Jacek Pilawa nie chciał się wypowiadać na temat swojego wniosku i tego, co się stało w miejskim kole PO. Odmówił komentarza, tłumacząc, że jest tylko szeregowym członkiem koła i wspiera działaczy swoim wieloletnim, politycznym doświadczeniem. Prowadzenie polityki zostawia młodym. Z posłem Romanem Kaczorem nie udało nam się skontaktować, w dniu oddawania tego tekstu do druku, nie było go także w biurze poselskim.
Komentarza nie odmawia Mieczysław Koprowski, pozbawiony funkcji wiceprzewodniczącego: - To bzdurne i niczym nieuzasadnione zarzuty, a wniosek - absurdalny. Nie mam sobie nic do zarzucenia, jako wiceprzewodniczący koła. Uczestniczę w zebraniach, jestem aktywny. Pozbawiono mnie funkcji, która nie ma nic wspólnego z moją działalnością, jako radnego. Statut miasta jasno nakazuje radnym aktywność na sesjach i komisjach oraz występowanie z interwencjami w sprawach mieszkańców. Robię to. Porozumienie koalicyjne PO i BBS nie nakazuje milczenia na sesjach i siedzenia, jak trusia. Partia nie może zakazać wypowiadania się.

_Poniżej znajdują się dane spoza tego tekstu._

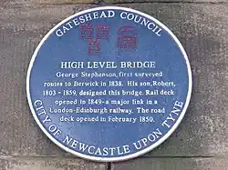 East side of the central pier, High Level Bridge[43] | 2008 | Opened in 1845, the High Level Bridge linking Gateshead and Newcastle upon Tyne over the Tyne was the first bridge in the world to combine road and rail travel.[44] Designed by Robert Stephenson, it is now a Grade I listed bridge.[45] |

Podczas zebrania Koprowski złożył oświadczenie, w którym przyrównał metody swoich partyjnych kolegów do sądów kapturowych, metod rodem z PRL i IV RP - "dajcie człowieka, a paragraf się znajdzie". Przypomniał o budzących dyskusję działaniach innych członków miejskiej PO, m.in.Jacka Pilawy (niepoparcie wniosku o pieniądze na obwodnicę w Sejmiku) i Andrzeja Mikody, który w wywiadzie dla GP-WO chwalił wielkość BBS.
- Szanuję decyzję moich kolegów, chodź przyznam szczerze, że przytoczone we wniosku argumenty są dla mnie kompletnie niezrozumiałe i bezzasadne - mówi Anna Leszczyńska, pozbawiona funkcji sekretarza. - Niemniej jednak jako członka partii, obowiązują mnie pewne zasady, których muszę przestrzegać, gdyż w przeciwnym razie zgodnie ze Statutem partii mogę ponieść konsekwencje swoich decyzji i działań. Pragnę zaznaczyć, iż ponoszę pełną odpowiedzialność polityczną za swoją pracę w Radzie Miejskiej, a także za decyzje, przy podejmowaniu których zawsze i w każdej sytuacji kierowałam się rozsądkiem oraz dobrem społecznym.
Na pytanie, czy będzie teraz na sesjach siedzieć cicho, Leszczyńska odpowiada: - W pełni szanując decyzję moich kolegów, pragnę zapewnić, że nie wpłynie ona na moją pracę w Radzie Miejskiej. Wierzę i jestem głęboko przekonana, że moje pytania i interpelacje, zadawane na sesji, nie stanowią problemu dla pana burmistrza - czego dowodem może być chociażby fakt, iż wiele z nich zostało przez szefa miasta pozytywnie rozstrzygniętych.
Członkowie PO chcieli ukarać także szeregowego członka Karola. Powód - działanie na szkodę koalicji BBS-PO i wbrew linii partii, poprzez krytykujące BBS i burmistrza wpisy w internecie. Wnioskodawcy chcieli zawiesić go w prawach członka na 2 lata, ale złożył samokrytykę i obiecał, że już niczego więcej nie napisze, a jeżeli napisze, to po konsultacji z posłem. Roman Kaczor wnioskował o obniżenie mu kary zawieszenia do roku. Sprawa ma być rozpatrywana na następnym zebraniu PO.
Anna Leszczyńska i Mieczysław Koprowski zamierzają się odwołać od decyzji koła miejskiego, do wyższych instancji partyjnych.